“The Motorcade Sped On” by Steinski and Mass Media is an old favourite from way back. I first heard it when it was given away as a free 45 with an issue of the NME in 1987. It sounds a little clunky now, but it still works like crazy, doesn’t it? As blogger Gutter writes, “It’s almost like a pop-song structure, with the sirens and “Mrs Kennedy jumped up, she called ‘oh no’” section acting as a chorus. I think it’s one of the finest examples of the early hip hop cut ‘n’ paste montage approach ever.” I interviewed Adam Levine from Maroon 5 a few weeks ago, and in the dying moments of our conversation, I asked him—because he was in Texas at the time, and because I am an obsessed man—“Who killed John F. Kennedy?”
It was foolish of me to expect much of an answer, but I had already gotten what I needed out of a fairly perfunctory Q-and-A. This was the quick-fire round at the very end. “Do you enjoy sushi? What’s it like banging Jessica Simpson? Who killed JFK?” Standard industry boilerplate, really. His response: “I don’t care anymore. Honestly, if they haven’t figured it out at this point.... It’s probably some weird blanketed government conspiracy that we will never know the full truth about, and there have been so many more unbelievable atrocities committed since then, I think we should probably focus on those. It’s, like, 20th in line.” I’ll resist the urge to make some crack about “unbelievable atrocities” and Maroon 5, and just add this: at least Levine didn’t say, “Oswald.”
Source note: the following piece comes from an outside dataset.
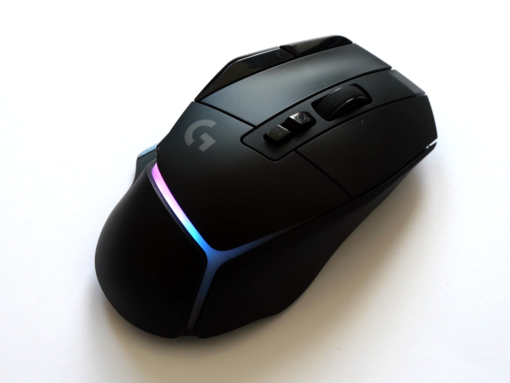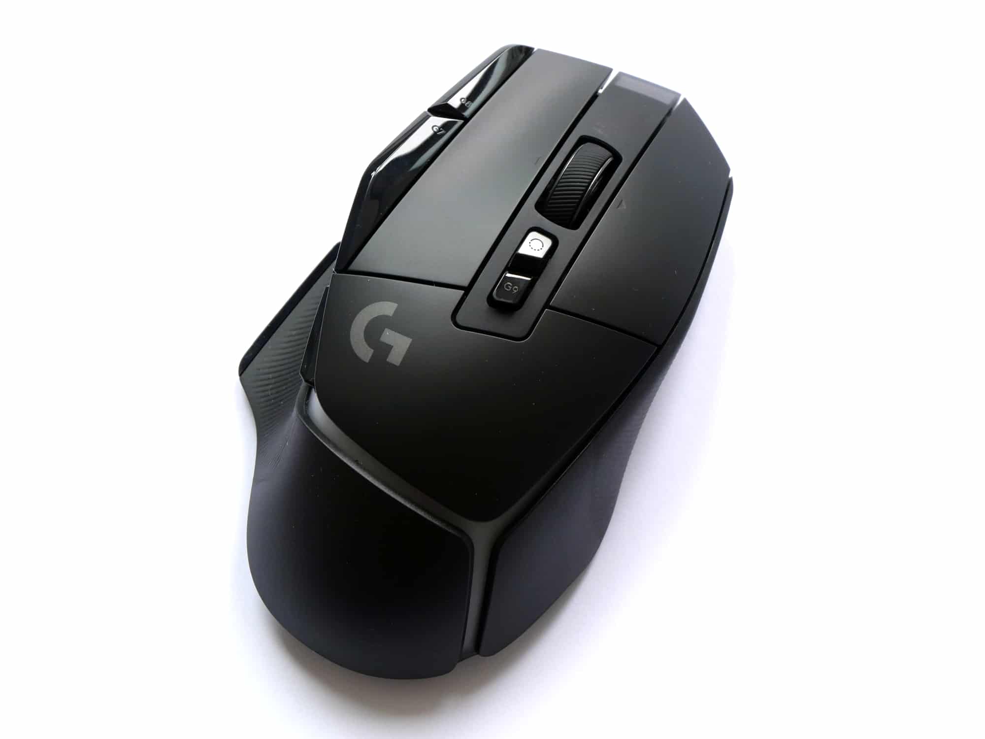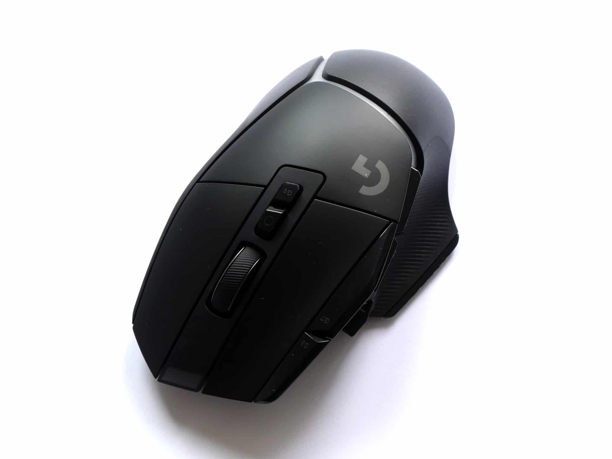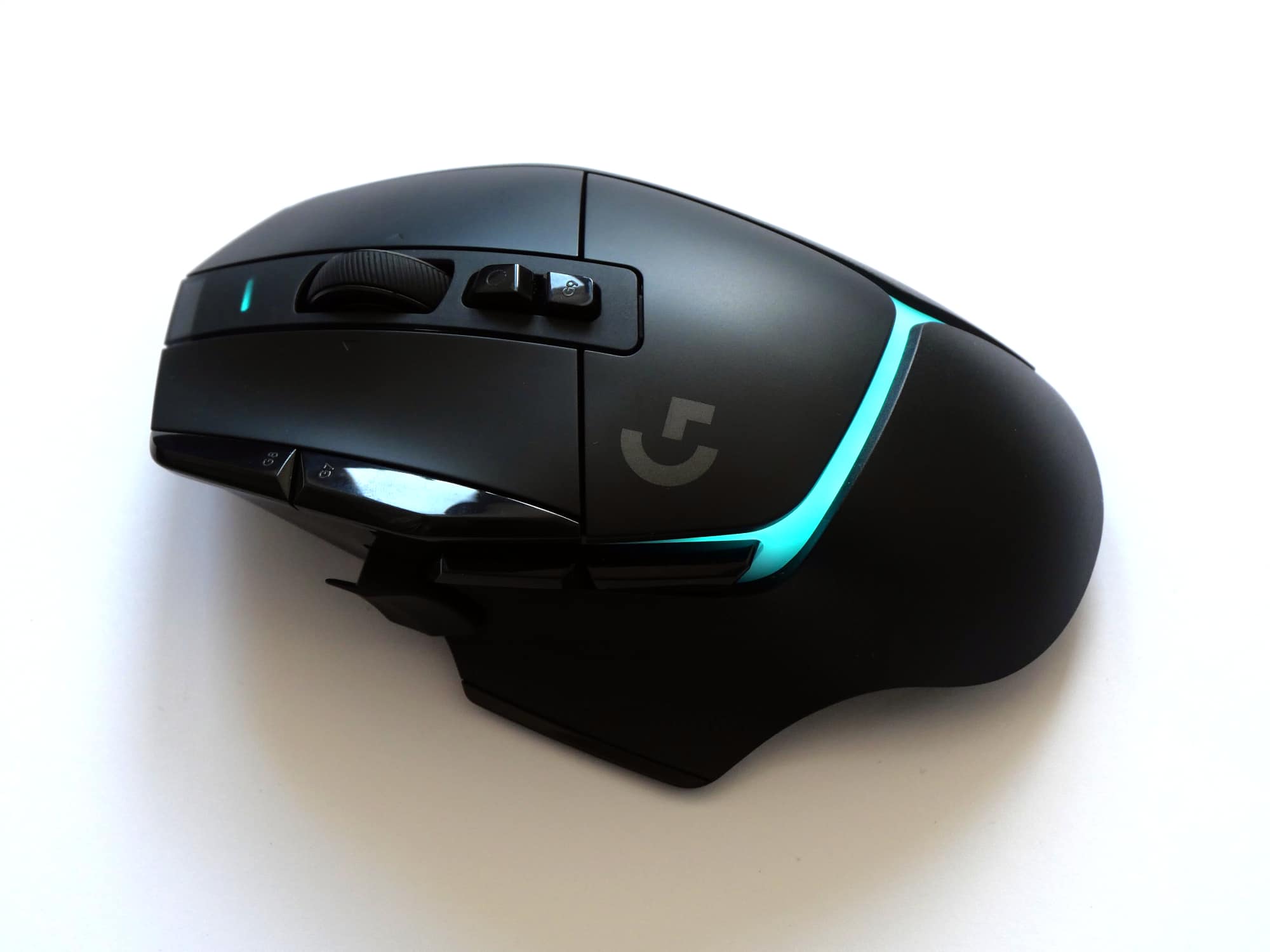 Auf der Oberseite der Maus befinden sich neben der linken und rechten Maustaste vier weitere Tasten und ein kippbares Scrollrad. Zwei der vier Tasten sind links von der linken Maustaste platziert, die anderen beiden unterhalb des Scrollrads. Die zusätzlichen Tasten sind etwas dunkler und stärker glänzend, als die restliche Oberseite, welche bis auf das Logitech G-Logo sehr schlicht gestaltet ist. Das Mausrad ist gummiert, strukturiert und bietet zwei Modi, zwischen denen man mit der Taste unterhalb des Mausrads wechseln kann. Dabei handelt es sich um einen hyperschnellen Modus, in dem das Rad frei rotiert und einen Präzisionsmodus mit hohem Widerstand. Ein automatisches Umschalten zwischen den Modi, wie es bspw. die Logitechs MX Master 3 bietet, gibt es hier nicht.
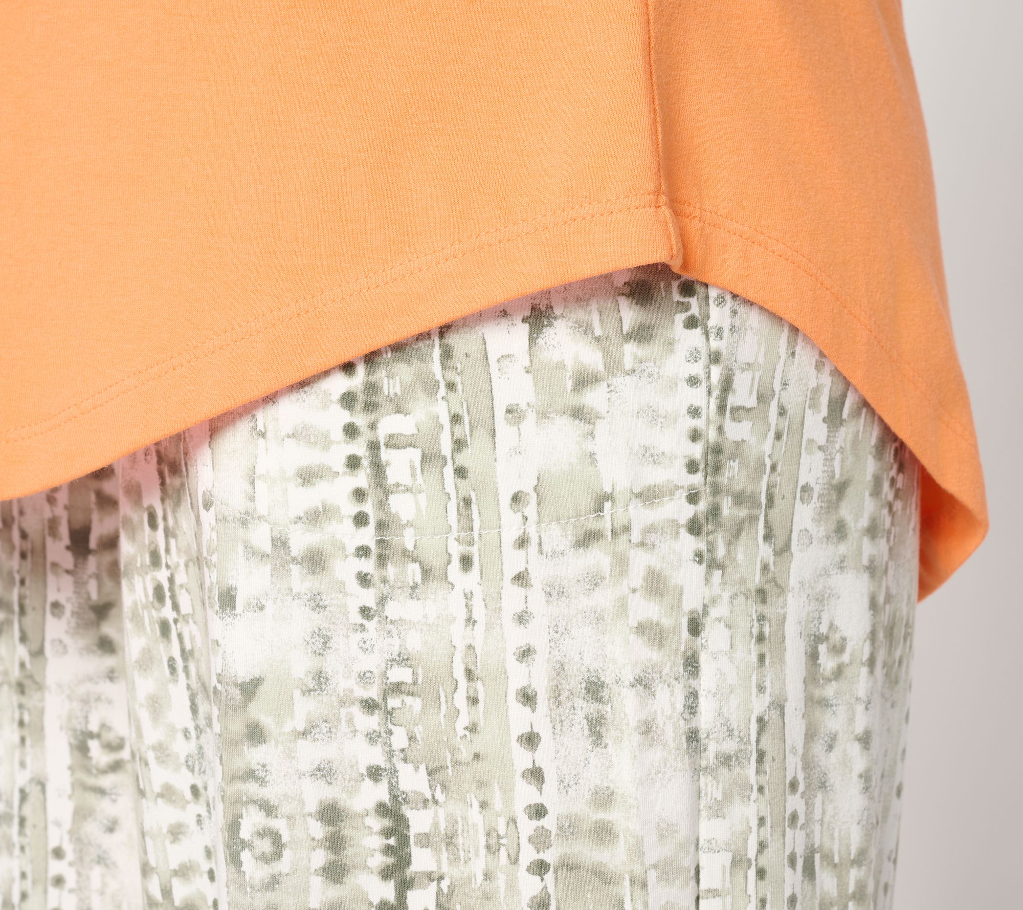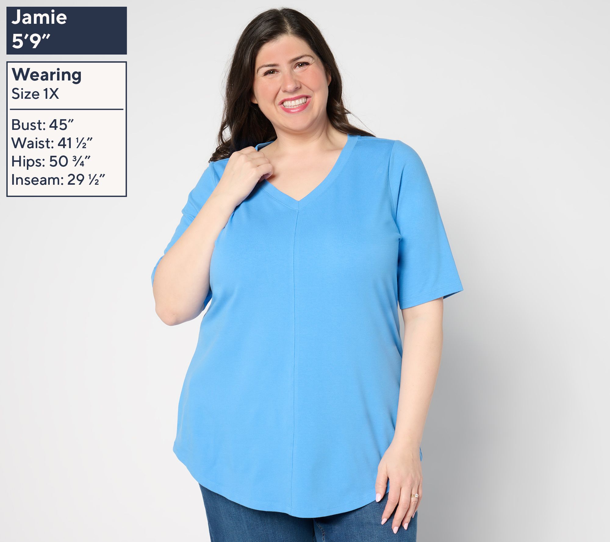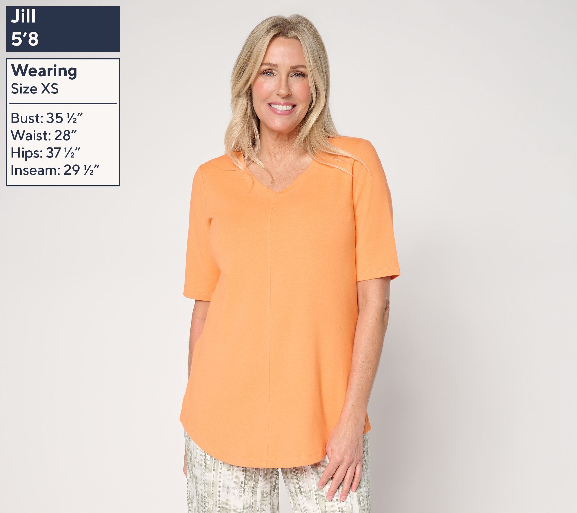 • Features: center front and back seam details, elbow-length sleeves, V-neckline, hi-low shirttail hem

Vincent Bugliosi did, though. In May, the former Manson prosecutor published his towering work of imagination, Reclaiming History: the Assassination of President John F. Kennedy. In a brisk 1,600 pages or so, Bugliosi makes the case that Oswald was just some lone nut with a devastatingly good shot and absolutely no connection to the CIA. After reading about 250 of those pages in Chapters one day, I’d like to advance my theory that Vincent Bugliosi is the lone nut, but I’d be wrong; he’s getting lots of help. It didn’t take long for HBO to announce that it was turning Reclaiming History into a miniseries, with Tom Hanks as executive producer. I thought I had this whole Kennedy thing more-or-less figured out until the guy from Turner and Hooch got on board. Now I don’t know what to think. Maybe I’ll just stop thinking altogether. I’ll stop thinking about how the events in Dallas on Nov. 22, 1963 made possible so many of the “unbelievable atrocities” that have followed, and I’ll stop thinking about who, precisely, has benefited from it ever since.
The motorcade sped on, all right. Further and further away from America’s singular moment of truth. I hate to say it, but you have to admire the machine that has driven that brain-spattered limo from the pole position in late 20th century history, and into its current place, “like, 20th in line.”